Segment Open

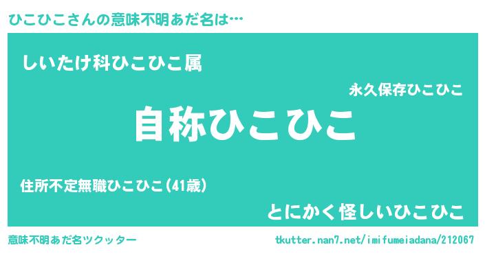 | ヒーロー風カッコイイあだ名 | 『サイバー戦士ヒコヒコ』『黄金騎士ヒコ』 |
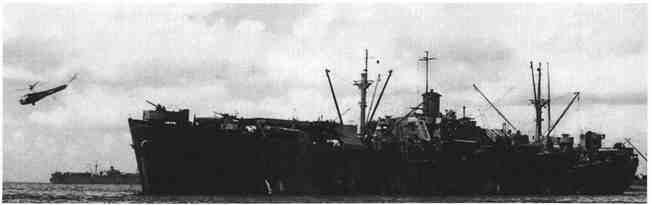 海军也已经在这次战争中投入运行了大量的水上飞机供应船和几艘航母商船和飞机修理船。由于美军的前方阵地需要修理设备,因此他们投入运行了6艘自由式航母作为飞机修理船。这些都是由普通的水手操作的。其中一些美军航母有直升飞机平台,上面承载了2架或者更多架“西科尔斯基”R-4(Sikorsky R-4)直升飞机,这些飞机负责航母与海岸之间的联络工作。这些是第一批定期地装载直升飞机的美军航母。
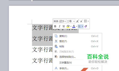 先框选要调整行距的文字范围。
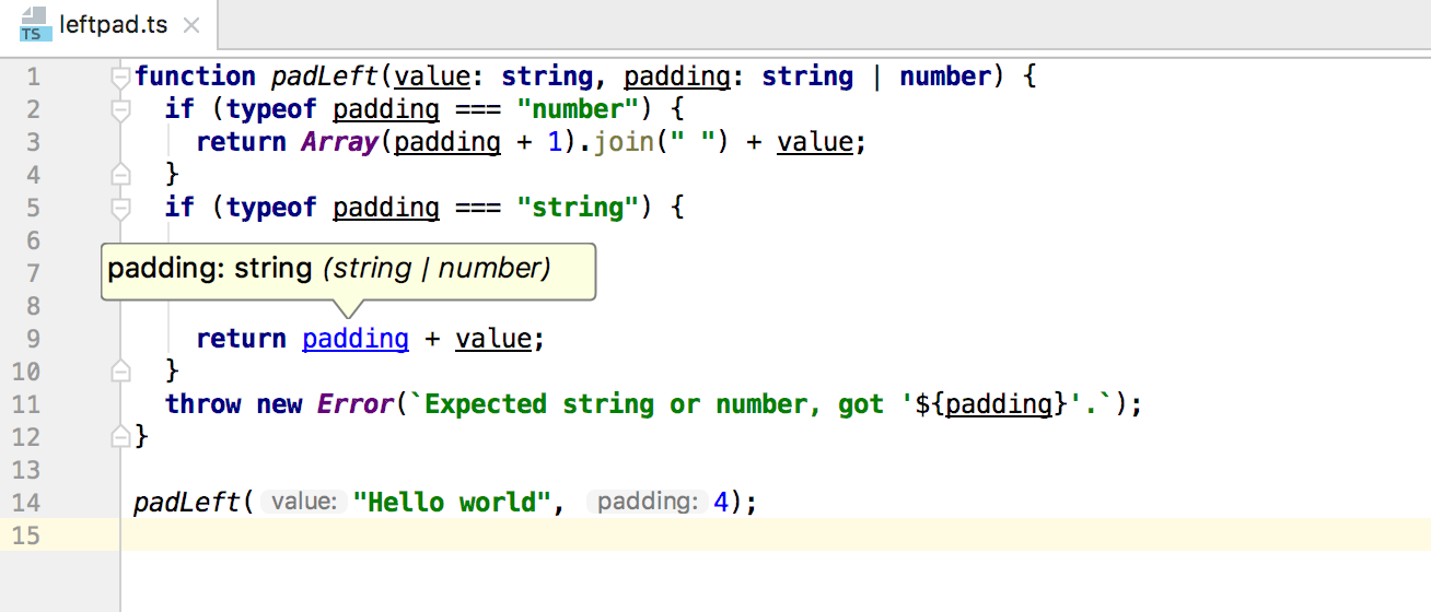 Нажмите cmd или Ctrl и наведите на символ в TypeScript-коде, и WebStorm покажет информацию о его типе с учетом текущего контекста. Это помогает быстрее находить проблемы, связанные с использованием типов.
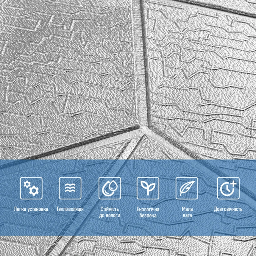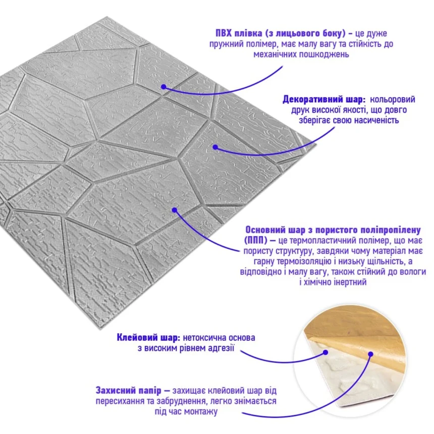 Хочете швидко оновити інтер’єр без пилу, шуму та зайвих витрат на ремонт? З декоративними 3D панелями Sticker Wall ваш дім зміниться буквально за кілька годин! Це сучасне рішення для тих, хто цінує комфорт, естетику та практичність. Чому обирають 3D панелі Sticker Wall 1. Легкий монтаж — без інструментів і майстрів: просто зніміть захисну плівку та приклейте панель до стіни! Установити панелі під силу кожному — без цвяхів, клею чи бруду. 2. Ідеальні навіть для нерівних стін: еластичний матеріал м’яко повторює рельєф поверхні, приховуючи дрібні дефекти та тріщини. 3. Тепло та тиша у вашому домі: спінений поліпропілен чудово утримує тепло та поглинає шум. Комфортна температура і затишна атмосфера — цілий рік. 4. Безпечність та екологічність: панелі не містять токсичних речовин, не горять, не вбирають запахи та не викликають алергії. Абсолютно безпечні для дітей і домашніх тварин. 5. Простота догляду: пил, бруд або плями легко видаляються вологою губкою. Поверхня стійка до вологи, тому панелі можна встановлювати навіть на кухні або у ванній кімнаті. 6. Довговічність і надійність: Sticker Wall зберігають свій вигляд понад 20 років — не вицвітають, не деформуються та не тріскаються. Де можна використовувати 3D панелі • Дім: вітальня, спальня, кухня, дитяча, передпокій, балкон. • Бізнес: офіси, салони краси, кафе, торгові зали, фотостудії. • Декор: акцентні стіни, узголів’я ліжок, ніші, зони відпочинку. Порада: комбінуйте панелі за кольорами та фактурами, створюючи ефектні дизайнерські рішення — від мінімалізму до лофту. Проста інструкція з монтажу 1. Виміряйте стіну та розрахуйте кількість панелей. 2. Очистіть поверхню від пилу та бруду. 3. Зніміть захисну плівку. 4. Обережно приклейте панель і розгладьте від центру до країв. 5. За потреби підріжте краї ножем або ножицями. Чому це вигідно • Не потрібно витрачатися на ремонтну бригаду; • Можна легко змінювати дизайн — панелі знімаються та переклеюються; • Ідеальне рішення для орендованих квартир або швидкого оновлення інтер’єру перед продажем житла. Sticker Wall — це поєднання краси, практичності та простоти. Створіть стильний інтер’єр власноруч і насолоджуйтеся затишком щодня!Характеристики
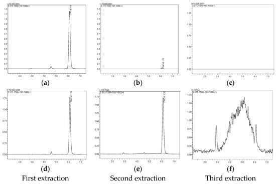 LC-MS/MS chromatograms of the first, second, and third extractions: (a–c) in-house Suk-Saiyasna remedy, (d–f) expanded chromatogram of the in-house Suk-Saiyasna remedy.
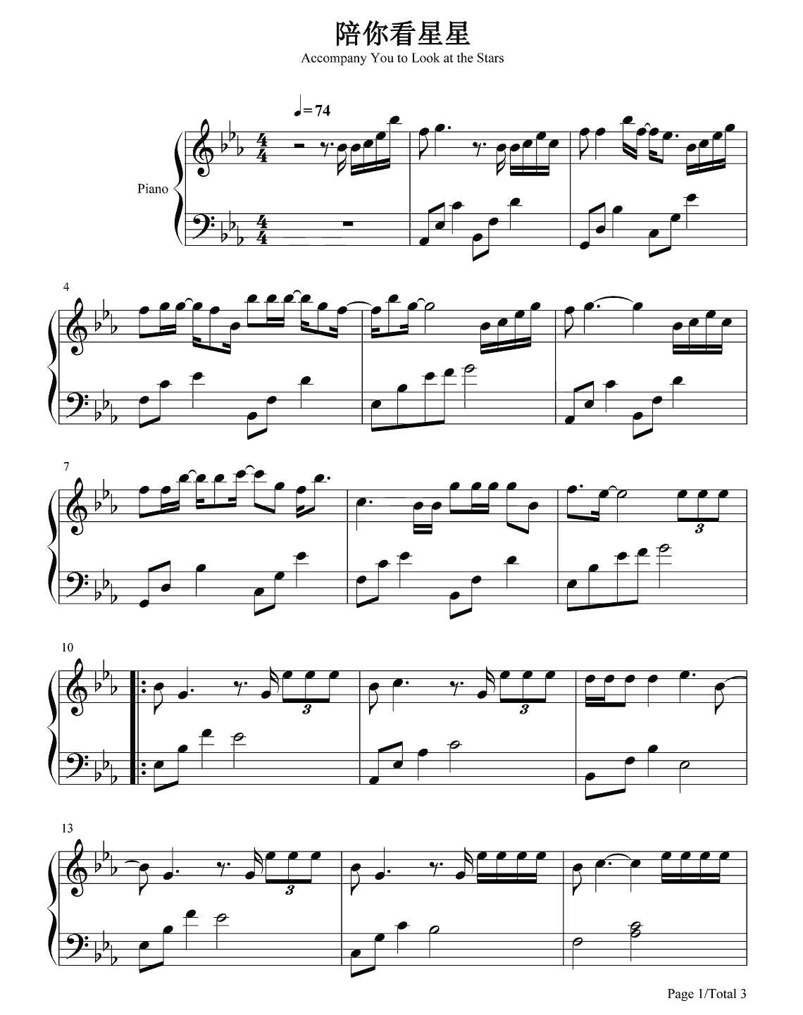 陈子晴《陪你看星星》钢琴谱简单版...

Segment Closed

_Aim of the task:_ Restate the material word for word from its first line through the line containing "Нажмите cmd или", both included; the pictures do not belong in it.

_Answer box:_
 | ヒーロー風カッコイイあだ名 | 『サイバー戦士ヒコヒコ』『黄金騎士ヒコ』 |
 海军也已经在这次战争中投入运行了大量的水上飞机供应船和几艘航母商船和飞机修理船。由于美军的前方阵地需要修理设备,因此他们投入运行了6艘自由式航母作为飞机修理船。这些都是由普通的水手操作的。其中一些美军航母有直升飞机平台,上面承载了2架或者更多架“西科尔斯基”R-4(Sikorsky R-4)直升飞机,这些飞机负责航母与海岸之间的联络工作。这些是第一批定期地装载直升飞机的美军航母。
 先框选要调整行距的文字范围。
 Нажмите cmd или Ctrl и наведите на символ в TypeScript-коде, и WebStorm покажет информацию о его типе с учетом текущего контекста. Это помогает быстрее находить проблемы, связанные с использованием типов.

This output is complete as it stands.